Rating: 4/5
Russell Simmons presents “Vampires are philosophy doctorates”
Kathleen (Lili Taylor) is a philosophy doctoral student working on her dissertation. Her cohort, Jean (Edie Falco), might be her only friend. The two walk the streets, quiet and fearful.
One night, on Kathleen’s walk home, an alluring woman named Casanova draws Kathleen into an alley.
Tell me to go, and I'll leave you alone.
But Kathleen only cries as Casanova bites her neck and draws blood.
Collaborator.
Kathleen reports the woman to the police and then ambles home, her neck loosely bandaged and still bleeding, with tears and convulsions. The next few days are hell as Kathleen’s body and mind change, as though she is experiencing withdrawal from a drug she’s never consumed.
She comes across a man passed out on the street. She draws his blood with a syringe. Back home, she finds a vein and injects the blood into her body, giving her relief from the torment.
It makes no difference what I do, whether I draw blood or not. It's the violence of my will against theirs.
Kathleen decides to take the existential philosophy that she has studied and embody it in her actions. She is an ego creating her own will to power, her morality based on what she knows.
— How could you do this? Doesn't this affect you at all? — No. It was your decision... It's not my indifference that's the problem. It's your astonishment that needs studying.
But on the fringes of that philosophy is a religious underpinning — a Catholic background that permeates the thoughts. A determinism that says god has already decided who will go to heaven and who to hell. Sinners are unconscious of evil, predestined for hell. Suffering and guilt are signs that god is working on your salvation.
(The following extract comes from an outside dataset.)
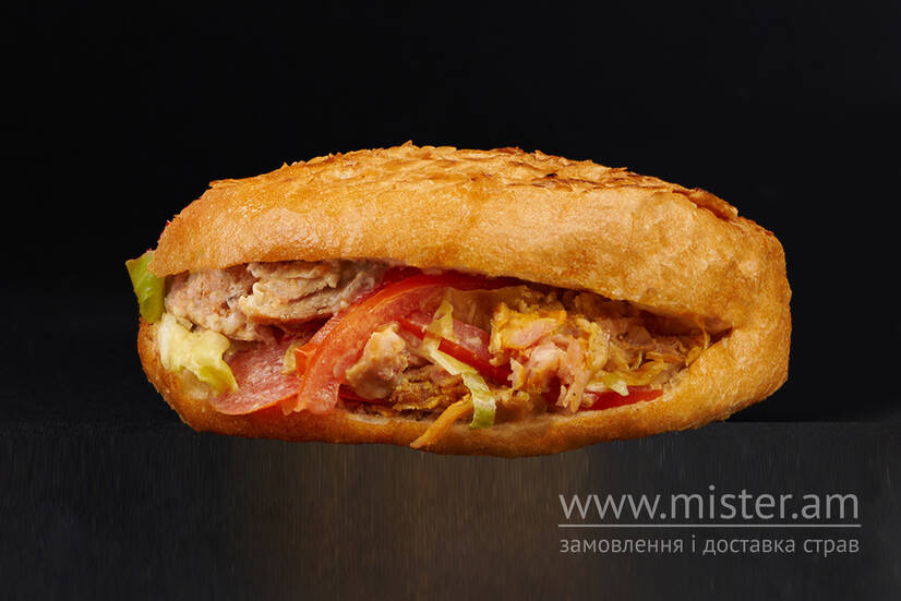 Булка, помідор, салат "Айсберг", цибуля, м`ясо: свинина/курятина/мікс, соус гострий/негострий/напівгострий/кетчуп та майонез.
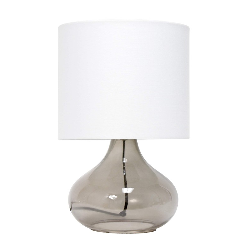 Illuminate your living space with this simple yet stylish glass table lamp. The smoke gray glass raindrop shaped base and white fabric drum shade is the perfect blend of charm to give your home a contemporary and modern upgrade. Perfect for living rooms, bedrooms, kids and teens, college dorms, apartments, nurseries, or offices.

Look sin in the face and tell it to go
Victim after victim she takes, not to take their life but to inject her philosophy into their bloodstream. She is an evangelical, inviting others into the suffering that may lead to their salvation.
Prove there's no evil, and you can go
One night, she tries to take Peina (Christopher Walken), but like Jesus in the desert, he knows her philosophy and turns it back on her. He claims to have fasted from blood for 40 years, learning to survive on a little.
I'll teach you what hunger is
He drains her of nearly all of her blood. She cannot die this way, so she will only suffer pain. And what is pain to a demon spending eternity suffering in hell? Self-revelation is the annihilation of self. If there is no ego, there is no will to enact on others. In this practice, Peina has almost become human again — walking in daylight and drinking tea.
You're not a person. You're nothing
But Kathleen cannot stand the pain of detox and runs out and draws more blood.
The dual nature to the addiction — it satisfies the hunger that evil engenders, but it also dulls our perception so we are helped to forget how ill we are. We drink to escape the fact we're alcoholics. Existence is the search for a release from our habit, and our habit is the only relief we can find.
She turns towards her doctoral dissertation, finalizing what she has come to understand. That philosophy is propaganda — an ego attempts to influence an object — to change its worldview.
Essence is revealed through praxis — our impact on other egos
And with that, she gathers her converts, and they put their philosophy into practice.
We're not evil because of the evil we do. We do evil because we are evil. And what choices do such people have?
But god isn’t done with her yet.
Guilt doesn't pass with time, Jean. It's eternal.
This movie has the worst opening credit song I’ve ever heard.